Killers of the Flower Moon: The Osage Murders and the Birth of the FBI
- Author: David Grann
- Language: English
- Subject: Osage Indian murders
- Genre: Nonfiction
- Publisher: Doubleday
- Publication date: April 18, 2017
- Publication place: United States
- Media type: Print, e-book
- Pages: 352 pp. (hardcover)
- ISBN: 978-0-385-53424-6 (Hardcover)
- OCLC: 982488680
- Preceded by: The Devil and Sherlock Holmes
- Followed by: The White Darkness

= Killers of the Flower Moon (book) =

2017 nonfiction book by David Grann

Killers of the Flower Moon: The Osage Murders and the Birth of the FBI is a 2017 nonfiction book by American journalist David Grann about the Osage murders. Time magazine listed it as one of its top ten nonfiction books of 2017.

The film adaptation Killers of the Flower Moon was directed by Martin Scorsese and released in October 2023.

==Flower Moon origin==
The Old Farmer's Almanac, which first began publishing the names for the full moons in the 1930s, recorded the name given by American tribes to the full moon in May as the "Flower Moon" because of the flowers blooming across North America, signaling abundance and the coming of spring after a cold, hard winter. The title was originated in the poem "Wi'-gi-e" by Osage poet Elise Paschen, which was written from the perspective of Mollie Kyle. Grann eventually contacted Paschen, and she sent him the poem, an excerpt from which was published in the book.

==Synopsis==
The book investigates a series of murders of wealthy Osage people that took place in Osage County, Oklahoma, in the early 1920s after extensive oil deposits were discovered beneath their land. After the Osage are awarded headrights in court to the profits from oil deposits found on their land, the Osage people prepare to receive the wealth to which they are legally entitled from sales of their oil deposits.

The Osage are viewed as the "middle man" and a complex plot is hatched to eliminate the Osage inheritors one by one, by any means possible. Officially, the count of the wealthy Osage victims reaches at least 20 but Grann suspects that perhaps hundreds more may have been killed because of their ties to oil. The book details the new FBI's investigation of the murders and the eventual trial and conviction of cattleman William King Hale as the mastermind behind the plot.

==Reception==
Writing for The New York Times, Dave Eggers called the book "riveting" and wrote, "in these last pages, Grann takes what was already a fascinating and disciplined recording of a forgotten chapter in American history, and with the help of contemporary Osage tribe members, he illuminates a sickening conspiracy that goes far deeper than those four years of horror. It will sear your soul." Dwight Garner, also for the New York Times, stated the work "is close to impeccable".

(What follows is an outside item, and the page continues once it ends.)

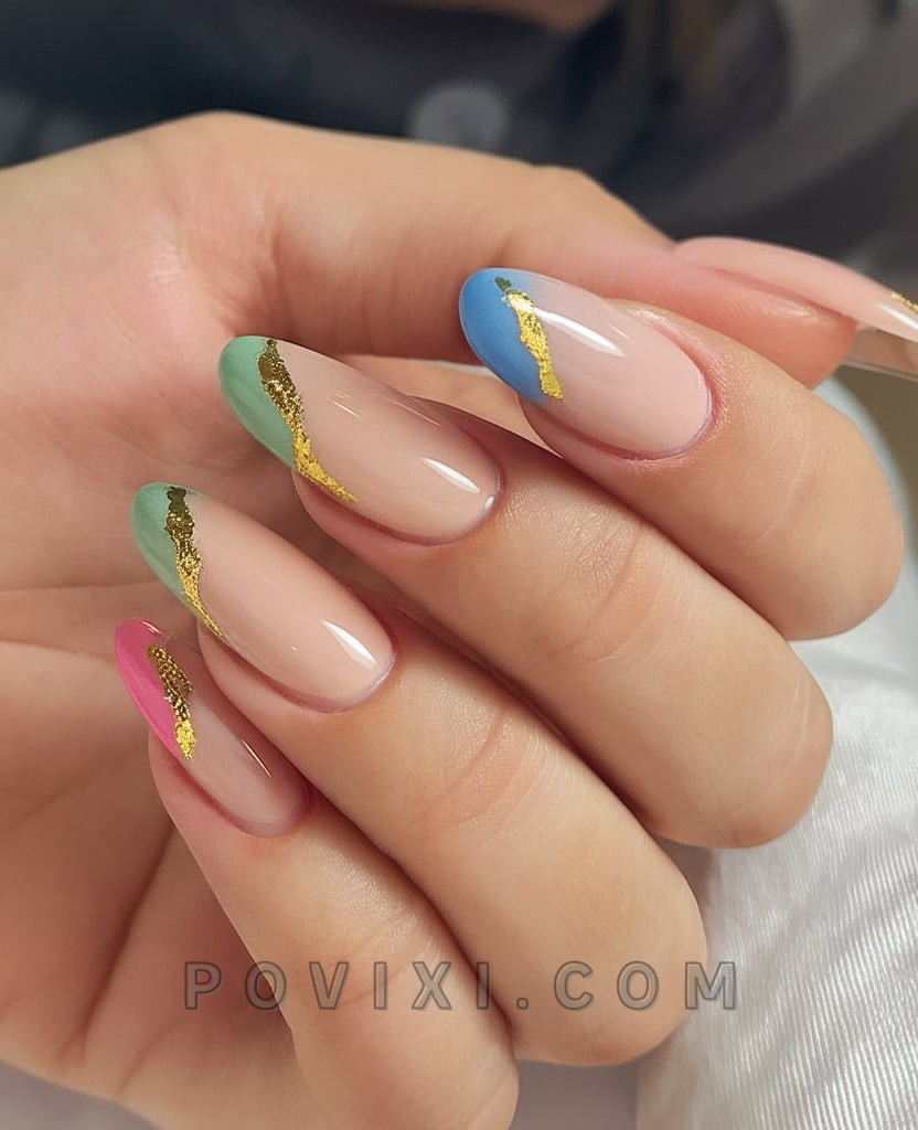 The sophisticated version of a French Tip consists of pink with blue underneath and green above each nail, finished with coral at the tips, while gold foils draw attention to the color separation. The special touch comes from the thin gold foil design elements that create distinct boundaries between the base colors and transparent areas, like the glow of sunlight on ocean waves. This elegant design works well on both natural and gel nails while maintaining a playful aesthetic. Pair this look with a white blouse and delicate gold jewelry for an elegant summer style.

Sean Woods of Rolling Stone praised Grann's book, noting, "In his masterful new book... Grann chronicles a tale of murder, betrayal, heroism and a nation's struggle to leave its frontier culture behind and enter the modern world... Filled with almost mythic characters from our past – stoic Texas Rangers, corrupt robber barons, private detectives, and murderous desperadoes like the Al Spencer gang – Grann's story amounts to a secret history of the American frontier."

A reviewer of Publishers Weekly stated, "New Yorker staff writer Grann (The Lost City of Z) burnishes his reputation as a brilliant storyteller in this gripping true-crime narrative, which revisits a baffling and frightening—and relatively unknown—spree of murders occurring mostly in Oklahoma during the 1920s."

David Aaronovitch in The Times wrote, "There is a kick-in-the guts half-twist at the end of the book that gives the work its moral heft and reminds the American people of the great cost of their nationhood. It's a twist that owes everything to Grann's diligence and intelligence as a journalist. It could not have been discovered without what he calls his 'research odyssey.

=== Oklahoma House Bill 1775 ===

In 2021, the Republican-controlled Oklahoma Legislature passed Oklahoma House Bill 1775, a bill regulating classroom discussion regarding race and gender. After the bill's passage, a teacher in Dewey, Oklahoma canceled her lesson plans involving the book. Lieutenant Governor of Oklahoma Matt Pinnell called on the language in the bill to be "clarified so that teachers know what can be taught and not taught". After the release of the film, author David Grann spoke out against the bill's regulations and wrote an op-ed in The New York Times on the bill.

Hominy Public Schools has taught the book as part of its AP English courses despite HB 1775.

==Film adaptation==

The book was adapted into a film directed by Martin Scorsese and starring Leonardo DiCaprio, Robert De Niro, Lily Gladstone, John Lithgow, Brendan Fraser, and Jesse Plemons on a budget of over $200 million. It was released theatrically by Paramount Pictures in October 2023. The film is available for streaming on Apple TV+.

Though the role of Tom White, the lead FBI agent, was written for DiCaprio, DiCaprio pushed to have his role changed to Ernest Burkhart, the nephew of Hale, who De Niro played. As a result, Plemons was cast as Tom White to replace DiCaprio.